# need some that wants to go fishing



## old school (Nov 16, 2007)

Have two freinds staying at a house I have in pensacola. I live in Atlanta. They would like to go gishing but do not have a way to pull my 26ft Glaicer bay that is there. They are ex Navy guys and know boats very well. Is there anyone that has can pull the boat and would like a ferr fishing trip.
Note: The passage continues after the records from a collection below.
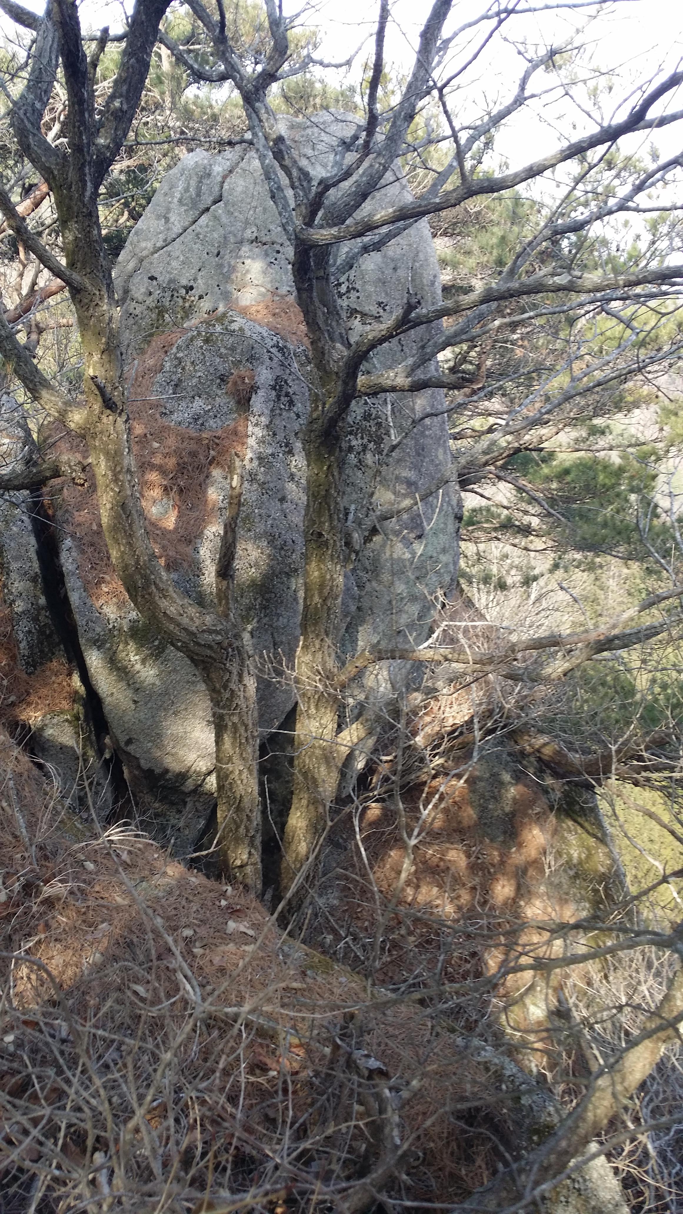 오늘 산행 끝자락에 오봉산이 있다. 함양 오봉산하면 떠오르는 가슴 조려오는 추억이 있다. 10년12월12일 당시엔 맥에 대한 관심은 없어 안내산악회를 따라 다녔는데, 어떤 연유로 여기를 택했는지는 모르겠다. 가재골농원을 들머리로 태조릿지 우회 암릉을 올라서는데, 간이 콩알만해 혼자서는 못올라서겠네. 여기서 끝났는줄 알았는데, 오봉산 정상을 찍고 옥녀봉을 향하는데, 커다란 암반에서 정상적인 등로는 좌측으로 진행하는데, 잘못 들어가 우측으로 진행했네. 헐 잠시후 우측은 천길 낭떠러지인데 우째우째 능선을 건너 소나무를 잡고 어렵게 내려서니 10m 길이의 칼날능선이 기다리고 있네. 우측은 직각 낭떠러지고 좌측은 2~3m 높이의 칼날능선. 어렵게 여기까지 왔지만 되돌아서야 겠다고 돌아서는데, 뒤따르던분이 칼등에 납작 엎드려 포복하면 된다고 앞장 서라네. 아 난감하네. 그래서 낮은 포복자세로 전진이 아닌 후진하며 내려섰네. 그렇게 가슴 쪼려 내려섰는데, 역산행하시는 두분이 나타나더니 거리낌 없이 칼날능선을 진행하네. 뭐야. 대단한건지. 간이 배밖에 튀어 나온건지. 쫄보가 그때 처음으로 간큰짓 했네. 여유가 있으면 그때 그 갈림길 보고와야지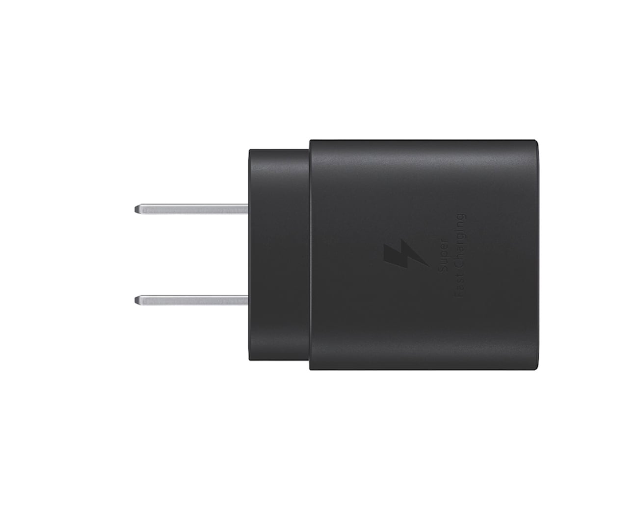 Brinda a tus dispositivos el poderoso soporte de carga que se merecen. El cargador de pared para carga súper rápida (25 W) proporciona una carga súper rápida de hasta 25 W para dispositivos compatibles. Utiliza el cargador de pared con un cable de carga oficial Samsung de tipo C a tipo C para obtener resultados óptimos.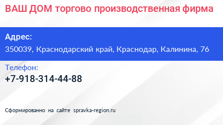 ВАШ ДОМ, торгово-производственная фирма по адресу 350039, Краснодарский край, Краснодар, Калинина, 76 в дальнейшем Организация, размещена в следующих категориях: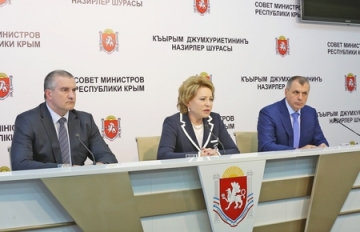 Валентина Матвиенко подчеркнула, что для развития Республики Крым необходимо скорейшее начало функционирования свободной экономической зоны, эффективная реализация Федеральной целевой программы, а также активное дорожное строительство.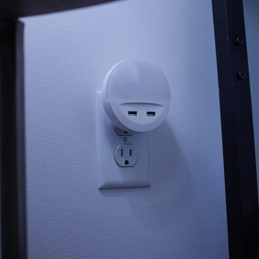 LED-natlampen LUNETTA USB med opladningsport Produktfordele: Tændes og slukkes automatisk ophæng af dagslys. Plug-and-play med EU-stik. Energieffektivt takket være LED-teknologi. Anvendelsesområder: Soveværelse. Børneværelse. Kun til indendørs belysning.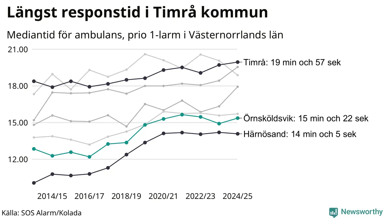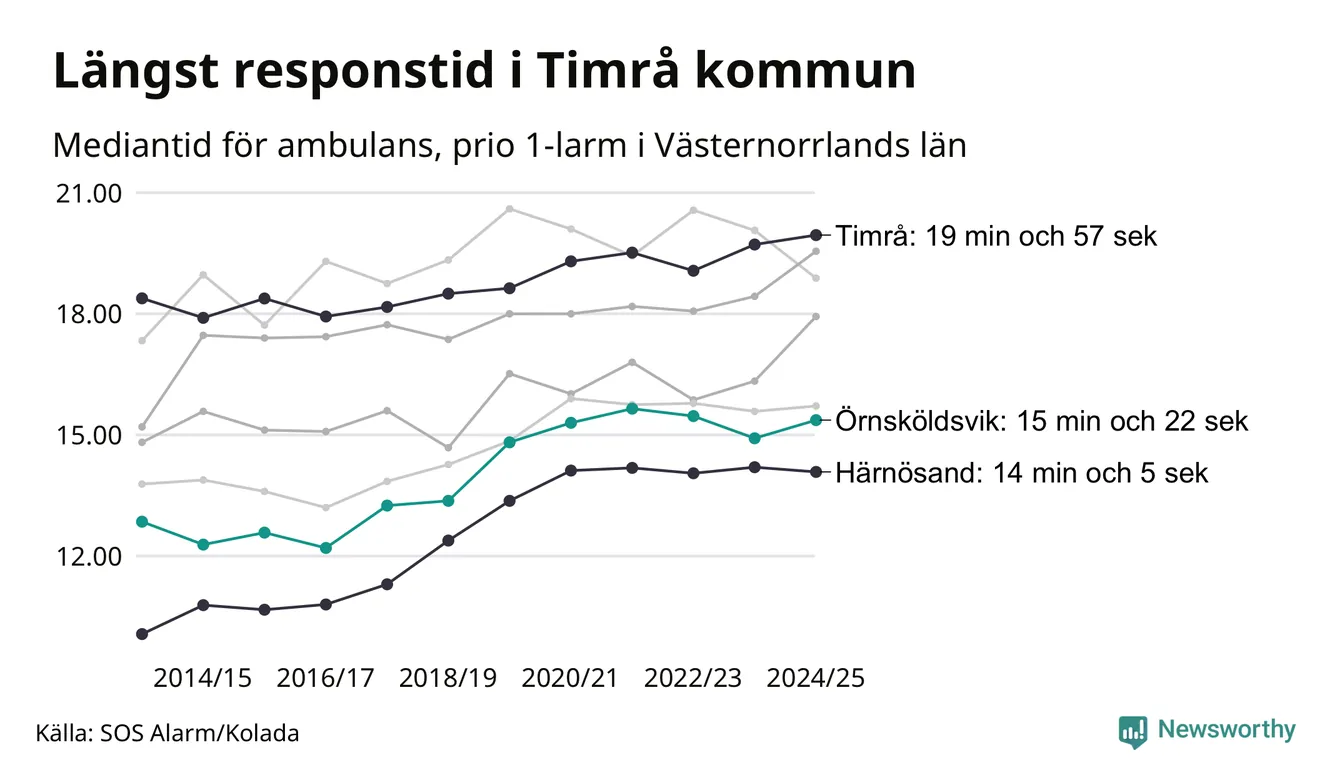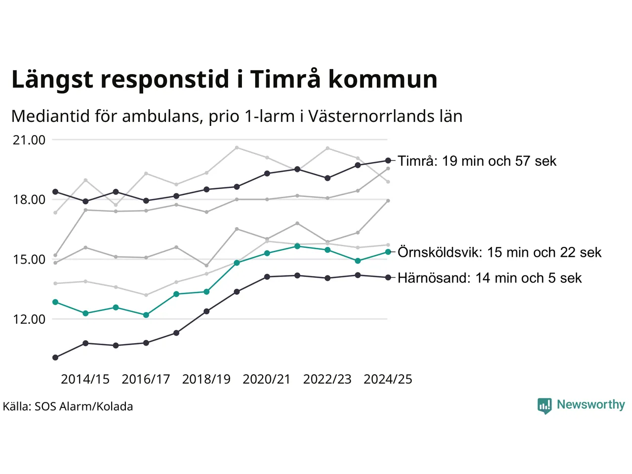 Bland kommunerna i Region Västernorrland nåddes Örnsköldsvik näst snabbast av ambulans under 2024/2025. Bara i Härnösand kommer ambulansen snabbare. Längst är väntetiden i Timrå kommun: 19 minuter och 57 sekunder.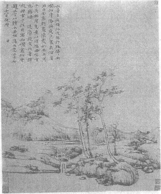 | 释义 | 倪瓒幽涧寒松图轴元。倪瓒(见《倪瓒渔庄秋霁图轴》条目)绘。纸本墨笔。纵59.7厘米,横50.4厘米。北京故宫博物院藏。图中缓坡绵展,远接青山。山脚一汪清泉层叠而下,注入坡前幽静的湖水之中。水边乱石散落,几株寒树聚立坡头。枝干细瘦,松针稀疏,乔木上的枯叶脱落殆尽。此图笔法松动,墨色浅淡。山峦坡石以干笔侧锋皴擦,再用淡墨略作渲染,浑蒙萧散,韵致深远。树木用中锋细笔写形,又以浓墨点叶、圈疤、勾画松针,清简疏秀,风姿绰约。幅中自题五言诗一首:“秋暑多病渴,征夫怨行路。瑟瑟幽涧松,清荫满庭户。寒泉溜崖石,白云集朝暮。怀哉如金玉,周子美无度。息景以逍遥,笑言思与晤。”款署:“逊学亲友,秋暑辞亲,将事于后,因写幽涧寒松并题五言以赠,亦若招隐之意云耳。七月十八日,倪瓒。”诗题意在劝说友人息罢仕宦之思,归隐自然。诗画一体,有一种超世脱俗的神韵,表现了画家旷达简放的人生理想。此图曾经清人宋荦及清内府收藏。《清河书画舫》、《石渠宝笈初编》著录。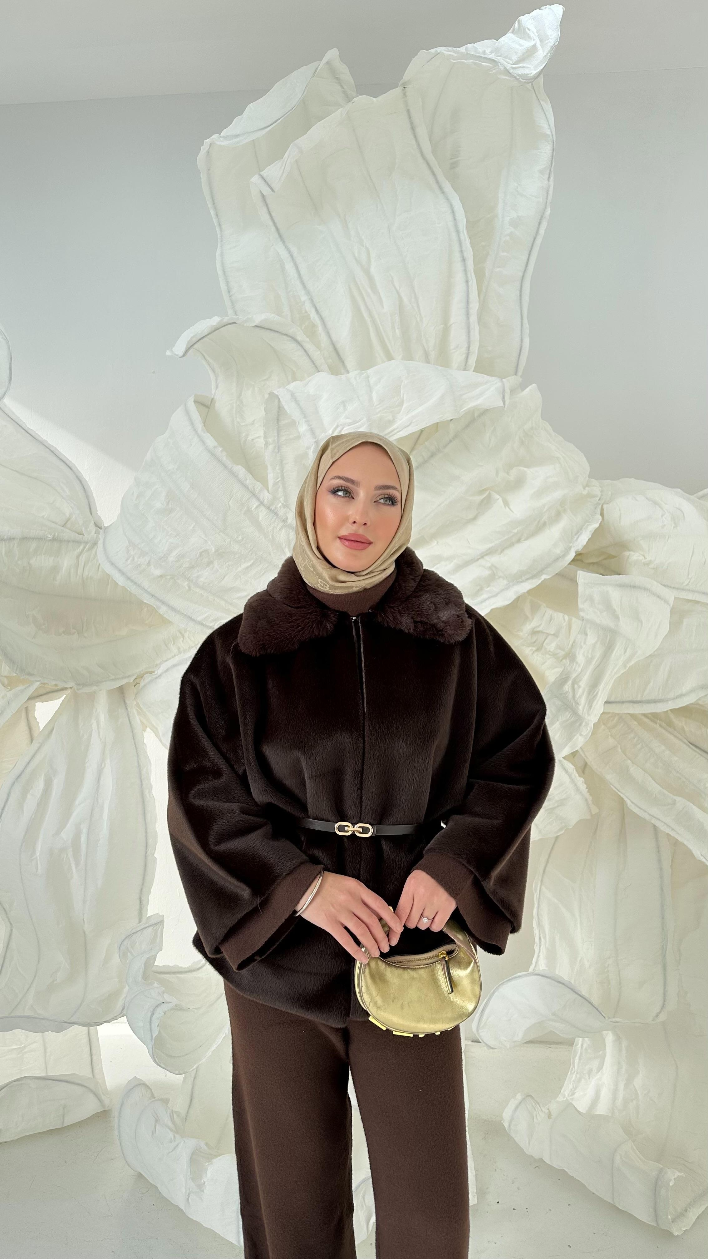 Kemerli Kürklü Ceket (Y.3298-Kahverengi)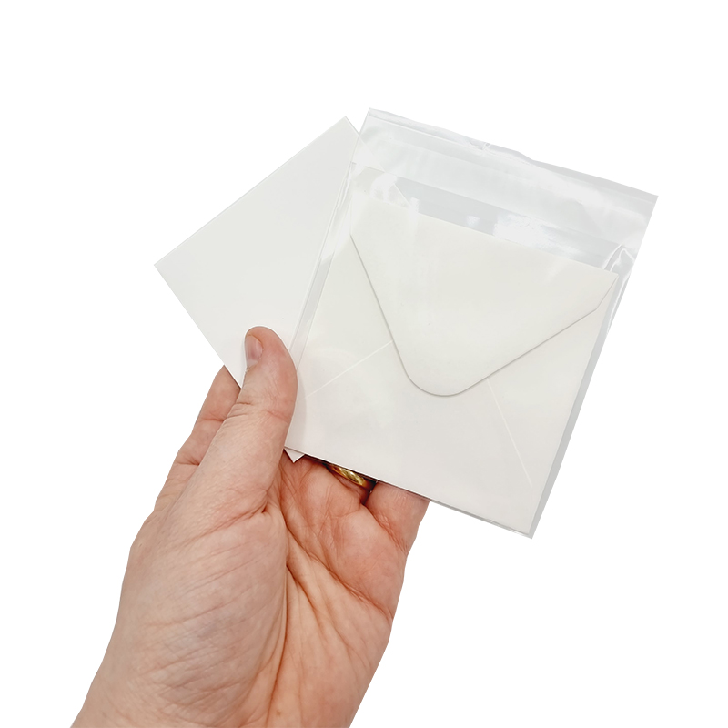 Små kort och kuvert till inbjudningar, save the date, blomsterkort, grattiskort eller presentkort. Korten är släta och tillverkade av kraftig 300 g kartong i vitt. Matcha med cellofanpåsar 3"x3", CUK1022.
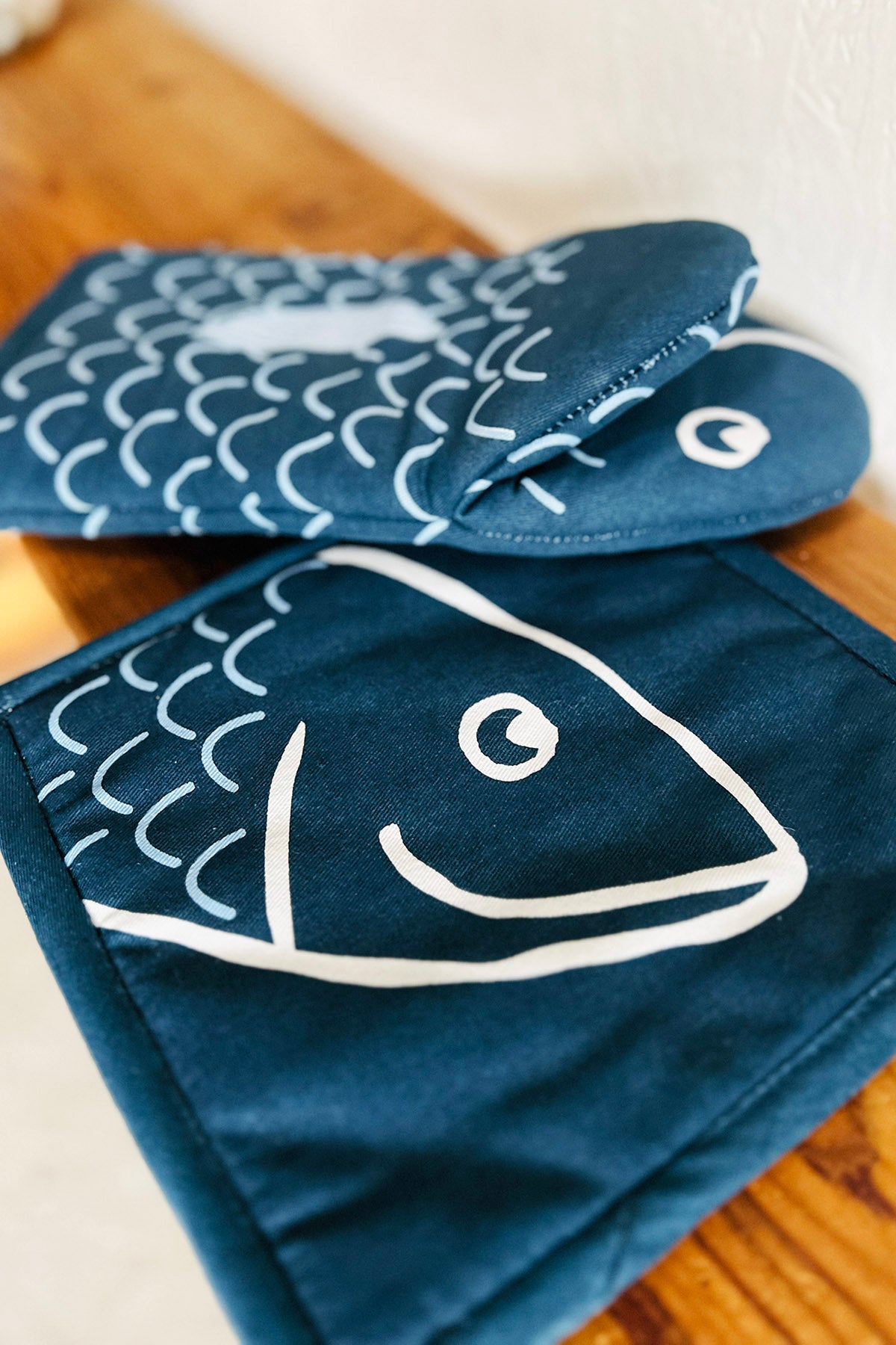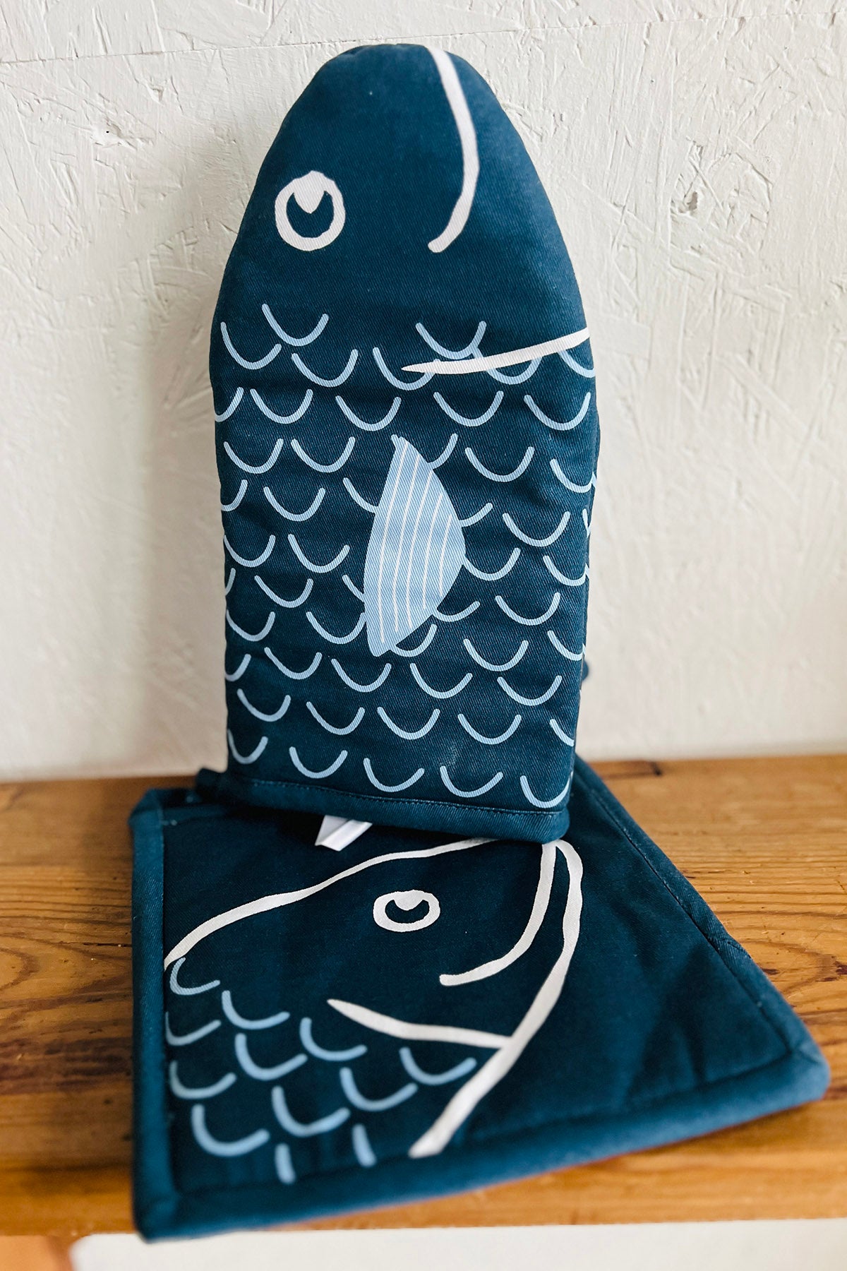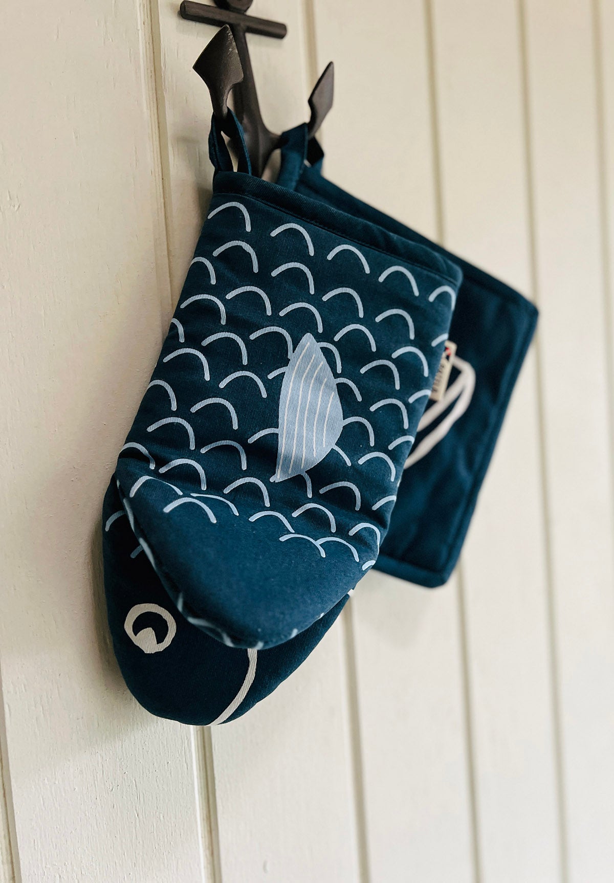 Et sæt med grydelappe og køkkenhandske.L: 14 cm - H: 25 cm L: 20 cm - H: 20 cm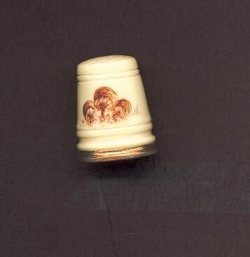 Cream coloured bisque pottery thimble. Hand painted - gold band at rim, cluster of mushrooms, brown, one side, single mushroom other side. Artist Mary Ann McGee, Vancouver, B.C. signed.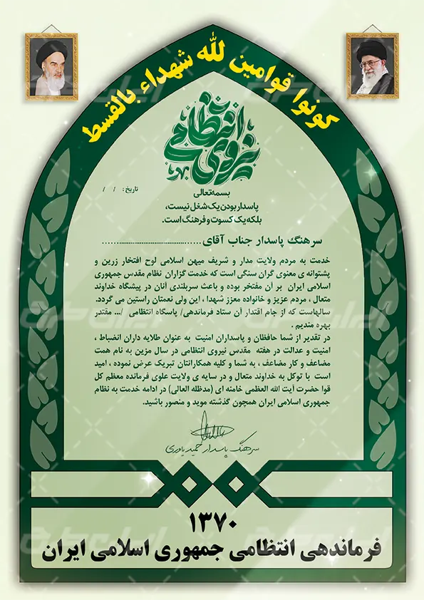 لوگوی نیروی انتظامی، تایپوگرافی، کادر مذهبی، تذهیب، حاشیه تذهیب، گل، جلوه نور و متن تقدیر و تشکر می باشد که توسط طراحان ایران طرح در نرم افزار فتوشاپ طراحی شده است.

Can be any day in the next 5-7 days.
contact Bill 678 643 9305


----------



## fulish850 (Oct 21, 2008)

would need a big truck for that big of a boat , is it possible they can go rent a truck ?


----------



## old school (Nov 16, 2007)

*reply*

I pull it with a big SUV. no they can not rent a truck


----------



## shanester (May 20, 2008)

dont know if it will help ya now but i have a 3/4 ton gmc vandura that will pull a house. i pull my 28 foot travel trailer with it quite often. sure it would tote it with no problem.


----------



## pilotpop (Oct 1, 2007)

I'll pull it as long as they cover my expenses, don't have time to fish..


----------



## ebbtide (Oct 7, 2007)

*ebbtide*

I have a 26 glacier bay very easy to pull with right trailer, hope someone helps them out.


----------



## lastcast (Oct 12, 2007)

OP was for April.


----------